What is clear is that the recently agreed increase in NHS funding cannot deliver improved services without the staff in place to make it happen.

The most recent data on the NHS workforce in England published late last week shows that vacancies for nurse and midwife posts continue to be at a historically high level with 34,700 vacancies advertised in the first quarter of this year. This is 5% more than the same period last year. Previous analysis showed that, despite rising demand pressures, the number of nurses barely grew between 2010 and 2017. The latest figures reveal that, once again, there has been almost no rise in the number of nurses, including in priority areas such as mental health.

In large part, these shortages have been of our own making, reflecting a lack of coherent national workforce planning and funding, exacerbated by a migration policy regime that has severely dented the UK's ability to recruit nurses and other health professionals from other countries. Brexit concerns amongst EU nurses are also now playing a part.

There are almost 700,000 nurse and midwives on the UK professional register, the ‘pool’ from which all employers must recruit. It has not grown in the last four years and one in five is aged 56 or older.  

More than 100,000 of those nurses, one in seven, were trained in another country.  International recruitment of nurses has always been a method used by the NHS to meet its nursing needs. A long-term perspective, illustrated below, highlights that at least one in every ten new nurses entering the UK register every year (and who are therefore eligible to practice) has come from another country. In most years this percentage inflow from other countries has been much higher – up to 50:50.

The recent drop in international inflow of nurses, as shown, does not reflect a lack of recruitment interest from UK employers. It is the result of a triple whammy:

  • the ‘hostile environment‘ approach from the current government to UK immigration, which prevented many non-EU nurses and doctors entering the UK to practice, and which has now been suspended after a campaign led by the British Medical Journal;
  • controversial changes in the regulatory requirements for English language testing (now partially reversed);
  • and the Brexit vote in mid-2016, after which there was rapid decline in the number of EU based nurses registering to practice in the UK.

The following chart shows the year-on-year number of nurses from the EU and from other international sources who have registered in the UK since 1990. This has ebbed and flowed across the period, rising notably at the beginning of last decade when the NHS actively recruited thousands of nurses from India and the Philippines to support workforce expansion. More recently there was a surge of recruitment from the EU countries of Portugal, Romania, Spain and Italy. However, since mid-2016 the EU inflow has crashed, and whilst the non-EU inflow has increased, it has not been at a pace to compensate for the drop in EU nurses.

Month-on-month inflow of EU nurse registrants over the last two years is shown below. The sharp drop occurred in mid-2016, at the time of the Brexit vote, and has since remained stubbornly below a hundred a month.

Polling conducted by Ipsos MORI in 2018 for the Health Foundation shows that most UK adults (71%) think the UK should continue to try to attract nurses from the European Union after the UK leaves the EU, even including almost two thirds (65%) of those who voted ‘leave’ in the EU referendum.

The drop in international nurses would be less concerning if it was the result of a deliberate policy linked to increased UK based training of nurses. There is no evidence that such policy coherence exists.
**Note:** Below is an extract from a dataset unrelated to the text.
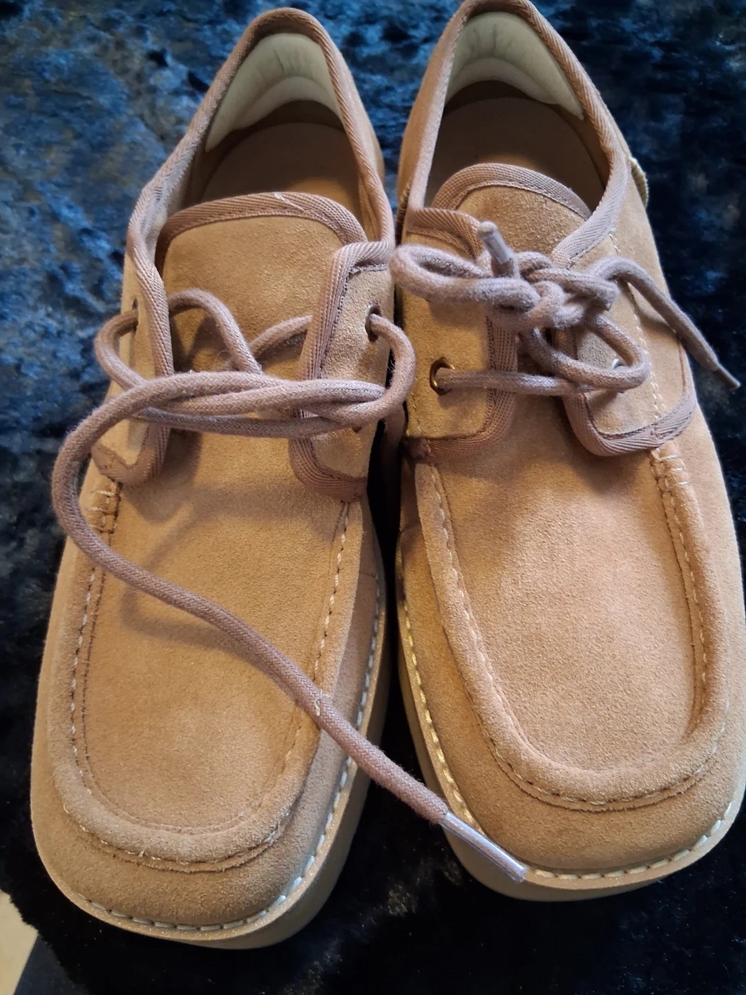 These tan UGG shoes are made from suede with a comfortable platform sole. They feature a classic slip-on design with laces for adjustability. Suede material.
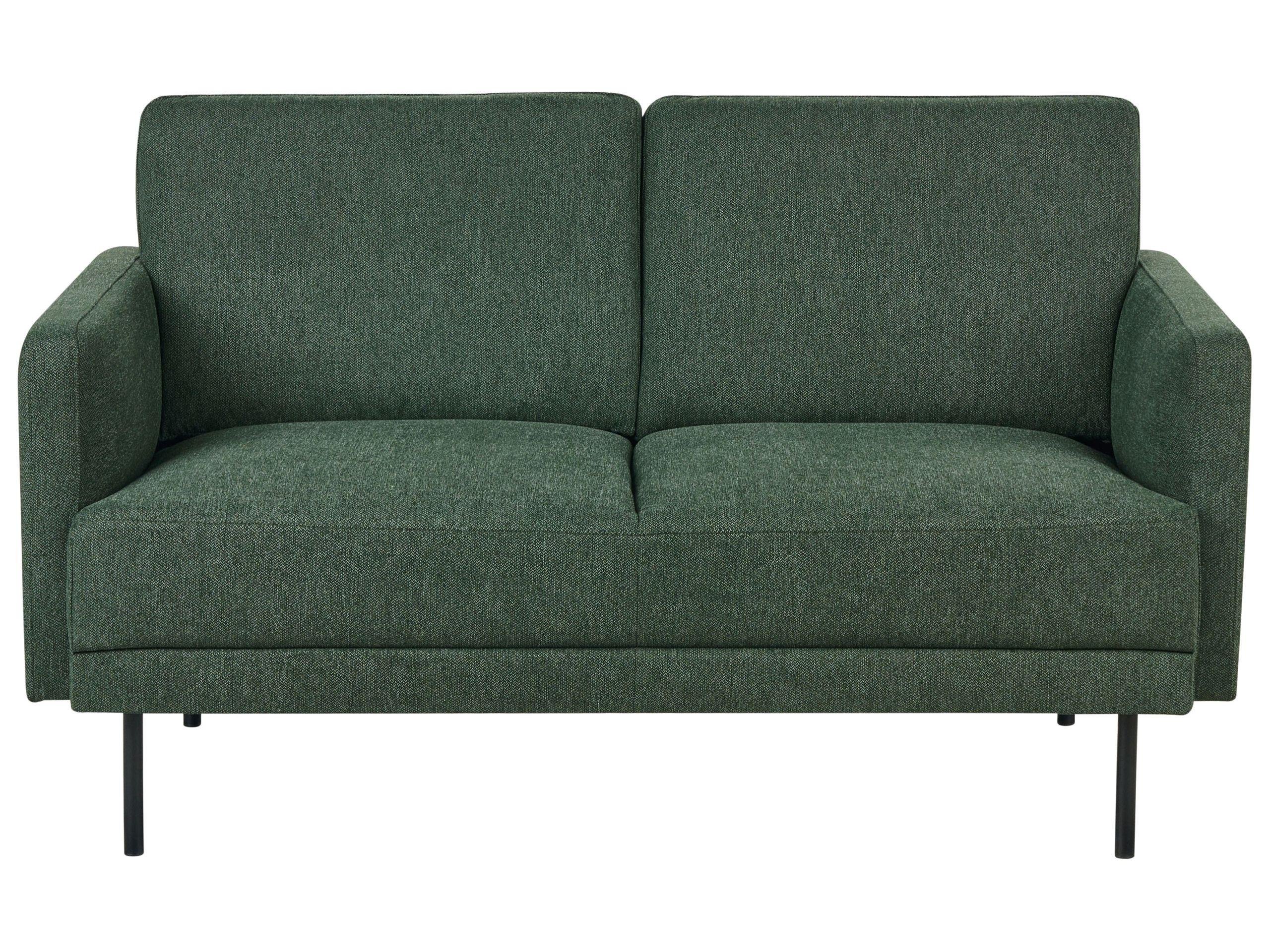 Gemütliches, dunkelgrünes 2-Sitzer Sofa mit dicker Polsterung und hohen Metallbeinen. Peppen Sie Ihre Sitzecke auf und sorgen Sie mit diesem 2-Sitzer Stoffsofa für Gemütlichkeit und Stil. Die Couch ist sehr dick gepolstert und mit einem strapazierfähigen Stoff bezogen, der sich angenehm weich und luxuriös anfühlt. Dieses elegante Flair des Polstersofas wird durch die schlanken, schwarzen Beine unterstrichen, die aus langlebigem und robustem Metall bestehen. Die dicken Sitzpolster sorgen für ein gemütliches Sitzgefühl bei jedem Fernsehabend. Das Modell bietet Platz für bis zu 2 Personen, sodass Sie es sich mit Ihren Liebsten bequem machen können.

The actual number of student nurses being trained in England has not increased, and ‘self-sufficiency’, if this means ending reliance on international recruits, is unlikely to be achievable in the foreseeable future given current high vacancy rates, the ageing nursing workforce, and retention indicators showing no substantial improvement.

The Department of Health and Social Care in England has recently announced a new advertising campaign marketing nursing as a worthwhile career. Positive images may help, but they need to match the reality on the wards and in the primary care centres. What is required, and what has been missing, is a joined-up and strategic approach to international recruitment of health professionals. This should involve government health departments, the Home Office, regulators and employers, and be embedded in overall national health workforce planning.

Professor James Buchan is a Senior Visiting Fellow at the Health Foundation and an international expert on health care workforce policy.